Problem to solve. Send back the line that contains "Sociedade de Pediatria" and all lines following it through the end of the data below, exactly, omitting pictures.

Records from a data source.
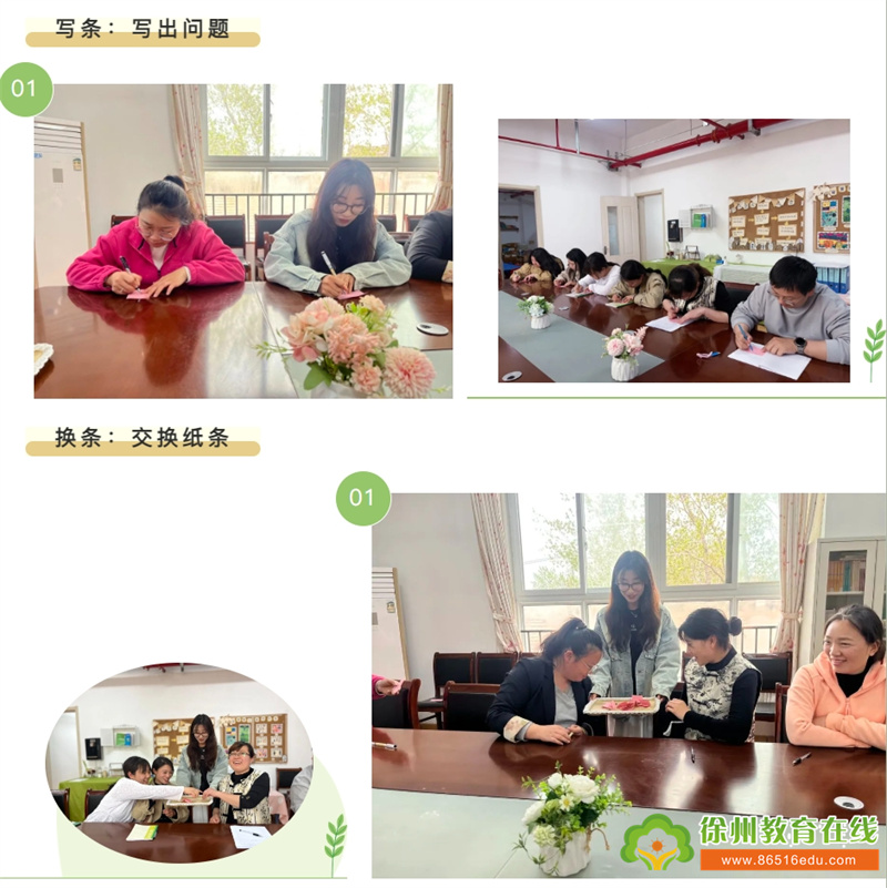 教师们在写条、换条、亮条、解条及展条的过程中交流各自想法与观点,提供建议与策略,在轻松愉悦的氛围中每位教师都积极思考,敢于表达。
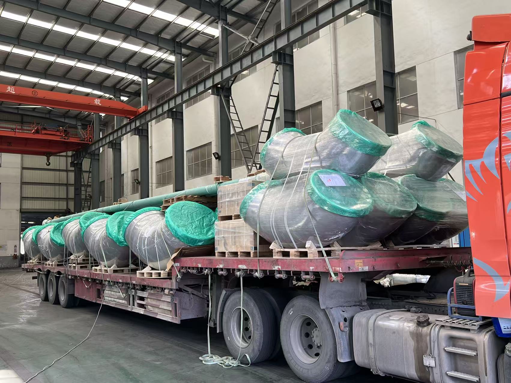 Náš tím dnes úspešne dokončil nakládku a expedíciu plného kamiónu veľkopriemerových nerezových potrubných tvaroviek. Všetky komponenty – vrátane kolien s dlhým polomerom a na mieru vyrobených cievok – boli starostlivo chránené zosilneným obalom a koncovými uzávermi, aby sa zabezpečila bezpečná preprava.
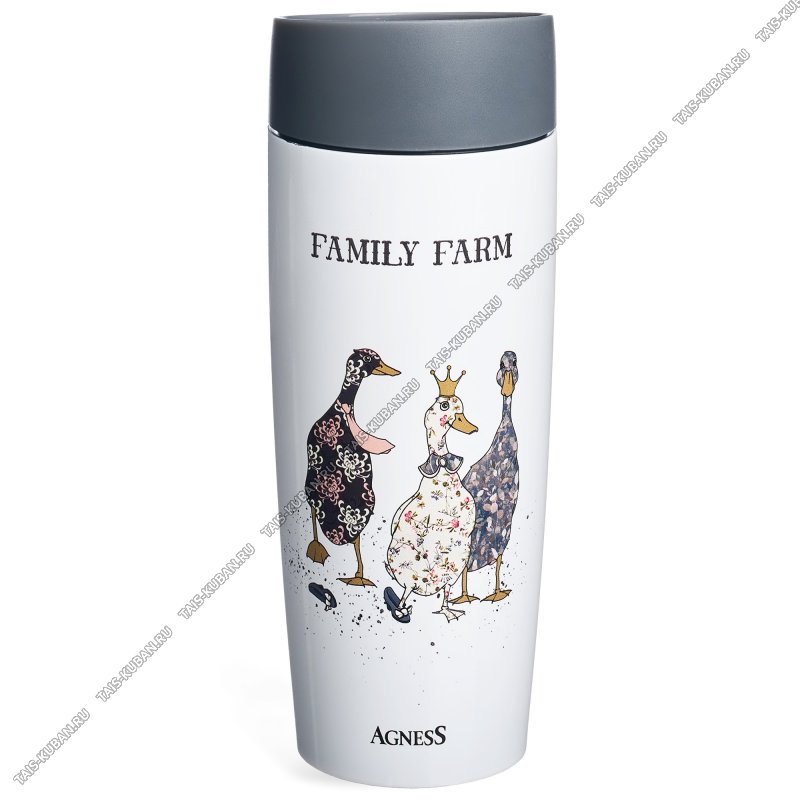 Термокружка (нерж) 0,36л "Agness/Family Farm Гуси" серый/белый
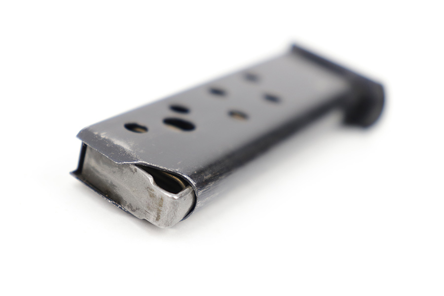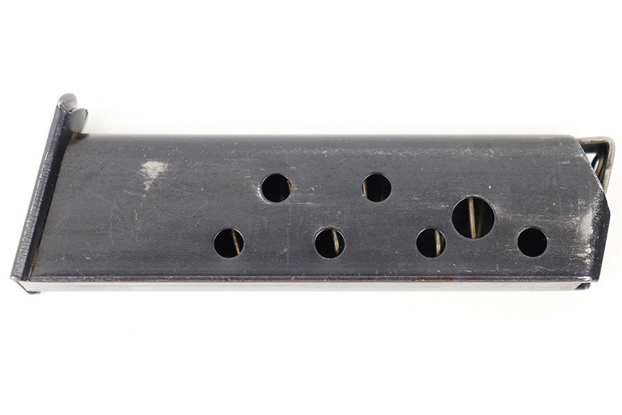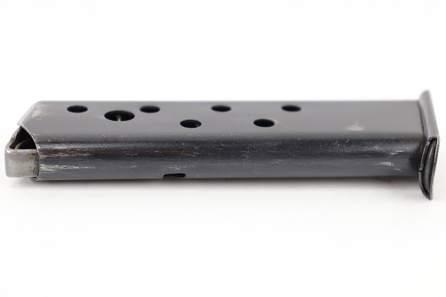 6/20/23 – This is an original WW2 wartime production Sauer 38h magazine. The magazine has no markings or stamps, and a half-moon indent on the base. Excellent condition with minimal finish loss and a fully functional spring.
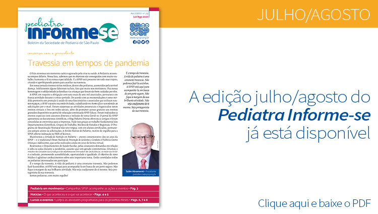 Sociedade de Pediatria de São PauloTexto divulgado em 13/08/2020 A quarta edição de 2020 do boletim Pediatra Informe-se convida os colegas pediatras para a Jornada de Nutrição em Pediatria – em ...
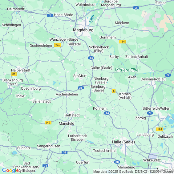 Städte in der Nähe von Bernburg (Saale)

Answer box.
 Sociedade de Pediatria de São PauloTexto divulgado em 13/08/2020 A quarta edição de 2020 do boletim Pediatra Informe-se convida os colegas pediatras para a Jornada de Nutrição em Pediatria – em ...
 Städte in der Nähe von Bernburg (Saale)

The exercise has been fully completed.